It has happened again.  Someone I knew and cared about has died suddenly, and unexpectedly.  She was way too young for any of us to have anticipated losing her.  So many of us are shocked and saddened at the loss.  Her beautiful, loving spirit touched many, many lives, both professionally and personally.

So many of us wish we had one more chance to sit down with her, just to feel her gentle presence near us.  So many things were left unsaid.  So many missed opportunities to know her better.  Everyone thought there would always be tomorrow.  We miss her smile, her lilting laughter, her gentle caring ways, her energetic vitality, but most of all we miss knowing that she was a part of our lives.

I often write about appreciating our blessings, to not take anything — or anyone — for granted.  None of us know when our last day will be.  We also don’t know when those we love will no longer be with us.  Don’t let too much time go by without letting the people you care about know how much you care.  Tell them with your words and your actions that they’re loved.

For the people who you see on a frequent basis, even if they’re on the periphery of your life, take the time to get to know them.  If they are a part of your life, their presence has meaning.  Their absence will also have meaning.  Don’t waste the opportunity you’ve been given to learn from them.  Let them learn from you.  Connect on more than a surface level, so that there’s a mutual sharing and celebrating of all of the life lessons that have been learned.  Become aware of what they care about, what they’re concerned about.  Let them know you.

For the people who are close to your heart, cherish them.  Be sure that your connections are solid and strong.  If there’s something that needs repaired, repair it.  Nurture your relationships on a consistent basis with a meaningful sharing of time, communication, and love.  Don’t put it off until tomorrow.  Tomorrow may not come.  Do it today!

I’m writing this post as a way to honor Jenny.  May her spirit continue to bless all who were a part of her short journey, as we go on without her by our side.

Until next time,



    • It’s so true, Valerie!
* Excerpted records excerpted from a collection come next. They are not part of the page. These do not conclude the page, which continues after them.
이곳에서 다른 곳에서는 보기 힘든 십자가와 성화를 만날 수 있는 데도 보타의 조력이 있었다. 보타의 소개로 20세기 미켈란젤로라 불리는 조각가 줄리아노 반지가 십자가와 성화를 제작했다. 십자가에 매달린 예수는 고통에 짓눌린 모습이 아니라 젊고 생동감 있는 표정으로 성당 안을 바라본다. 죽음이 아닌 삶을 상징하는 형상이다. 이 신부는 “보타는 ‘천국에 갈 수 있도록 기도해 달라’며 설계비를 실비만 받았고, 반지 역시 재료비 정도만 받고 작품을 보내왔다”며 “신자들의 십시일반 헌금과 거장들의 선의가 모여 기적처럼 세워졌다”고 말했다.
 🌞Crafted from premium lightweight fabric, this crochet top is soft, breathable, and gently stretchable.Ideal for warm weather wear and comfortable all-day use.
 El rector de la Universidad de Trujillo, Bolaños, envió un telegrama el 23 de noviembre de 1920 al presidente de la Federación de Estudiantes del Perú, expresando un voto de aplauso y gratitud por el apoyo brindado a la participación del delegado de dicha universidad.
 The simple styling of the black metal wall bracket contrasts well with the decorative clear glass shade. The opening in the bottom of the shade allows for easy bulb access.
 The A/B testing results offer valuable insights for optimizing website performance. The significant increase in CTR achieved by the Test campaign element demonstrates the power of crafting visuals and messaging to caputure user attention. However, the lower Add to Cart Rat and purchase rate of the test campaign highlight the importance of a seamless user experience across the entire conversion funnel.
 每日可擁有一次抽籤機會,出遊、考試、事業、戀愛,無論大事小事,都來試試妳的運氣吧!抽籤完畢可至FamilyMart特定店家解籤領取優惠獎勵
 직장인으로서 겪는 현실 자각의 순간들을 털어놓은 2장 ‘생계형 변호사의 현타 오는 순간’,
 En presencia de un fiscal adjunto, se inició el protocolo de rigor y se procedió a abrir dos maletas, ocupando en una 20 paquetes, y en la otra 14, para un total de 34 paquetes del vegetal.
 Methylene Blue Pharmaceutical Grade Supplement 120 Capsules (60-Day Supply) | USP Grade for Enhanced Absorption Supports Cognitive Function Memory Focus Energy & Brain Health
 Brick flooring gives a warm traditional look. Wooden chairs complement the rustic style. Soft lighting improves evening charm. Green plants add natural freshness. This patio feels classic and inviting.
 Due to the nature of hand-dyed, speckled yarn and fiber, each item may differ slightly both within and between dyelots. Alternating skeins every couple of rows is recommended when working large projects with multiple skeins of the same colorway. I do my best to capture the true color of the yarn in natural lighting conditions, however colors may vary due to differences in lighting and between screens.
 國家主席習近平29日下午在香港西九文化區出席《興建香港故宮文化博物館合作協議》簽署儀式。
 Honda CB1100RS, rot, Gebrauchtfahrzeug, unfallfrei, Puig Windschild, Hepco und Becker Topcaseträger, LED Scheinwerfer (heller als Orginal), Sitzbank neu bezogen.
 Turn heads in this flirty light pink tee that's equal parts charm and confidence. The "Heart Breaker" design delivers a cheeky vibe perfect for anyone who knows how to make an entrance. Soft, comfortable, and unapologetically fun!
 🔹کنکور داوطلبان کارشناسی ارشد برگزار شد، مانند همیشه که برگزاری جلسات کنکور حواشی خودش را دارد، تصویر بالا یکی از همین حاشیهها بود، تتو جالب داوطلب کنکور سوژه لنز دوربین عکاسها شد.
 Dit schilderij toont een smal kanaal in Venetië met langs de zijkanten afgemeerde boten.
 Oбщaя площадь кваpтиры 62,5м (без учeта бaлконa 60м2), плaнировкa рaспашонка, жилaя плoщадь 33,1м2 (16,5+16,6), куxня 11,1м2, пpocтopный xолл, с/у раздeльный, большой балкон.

Every day we’re given, and every person that we care about, is so precious. Once that day is gone, or that person has died, there’s no way to go backwards.


    • Thank you, Linda! I’m so glad that you are able to use this post as a reminder to cherish your loved ones. After several unexpected losses the last few years, that understanding really resonates with me.


  • Beautiful post and reminder for each of us to cherish one another in the present moment and not put off telling someone how much we care about them. Thank you Linda.

    • Thank you, Susan! I’m glad that you appreciated the post, and that it might serve as a reminder for you to let others know that they’re cherished. That is exactly what I hoped my writing it might do.


  • As I read your post Linda, I thought of the most cherished people in my life and determined I would give a tighter “squeeze” to my “peeps.”
    And, I’m going to put my granddaughter’s face in my hands, look her in the eye and tell her how precious and loved she is to me! Thanks for the post.

    • Linda, your comment makes me so happy! That’s exactly what I was hoping to accomplish with my post! Besides wanting an opportunity to honor Jenny, I wanted people to really think about their loved ones, and to make their love crystal clear to them. Thank you!


  • I’m sorry for your loss, Linda. What a great and much needed reminder to let those in our lives know how much we care. It is never easy to say goodbye to someone so young and so unexpectedly.

    • Thank you, Lisa! I’m glad that it felt meaningful to you. I wanted to reach out to as many people as possible to say that you never know when it’s going to be too late to let people know that they matter.


  • Thanks Linda. Your words are a great reminder for me that there is no way to know.  No way to plan for sudden life-haps. I have lost several friends and family suddenly; all under the age of 51. 

    I and other of my family and friends have said …”I could have.. or I wish I’d…” in all cases I did what I could and in hindsight, I am not sure that anything would have changed outcomes. 

    I’ve learned to let go like I would with a helium  balloon and whenever I see a balloon in the sky, like a neumonic device, I recall those things I let go of and let go again and again.  

    • Thank you, Cindy! What a beautiful, heartfelt comment. You do just what we all need to learn to do. We can’t change the past. I wrote this post to hopefully help those who have been meaning to contact someone, but haven’t. None of us want to live with regrets. If we can learn how to take advantage of the moment to let people know we care, it changes this moment, and maybe future moments as well.


  • I know of whom you speak, Linda, and I’m so glad I found your beautiful tribute here. It describes her so well. I knew her for four years, and I’m devastated by her loss. Thank you for writing what you did; it makes me feel just a little less alone.

    • Thank you for your kind comment, Caroline. I’m so glad that this post was comforting to you. If you knew Jenny for four years, then I’m sure that she lives on in your memory of her. I hope, in time, that will ease some of the pain you’re feeling. Jenny lived her life with a passion for each day, and that’s a wonderful example for us to follow. Honor her by remembering her smile, and her strength, and allowing those memories to help strengthen and comfort you.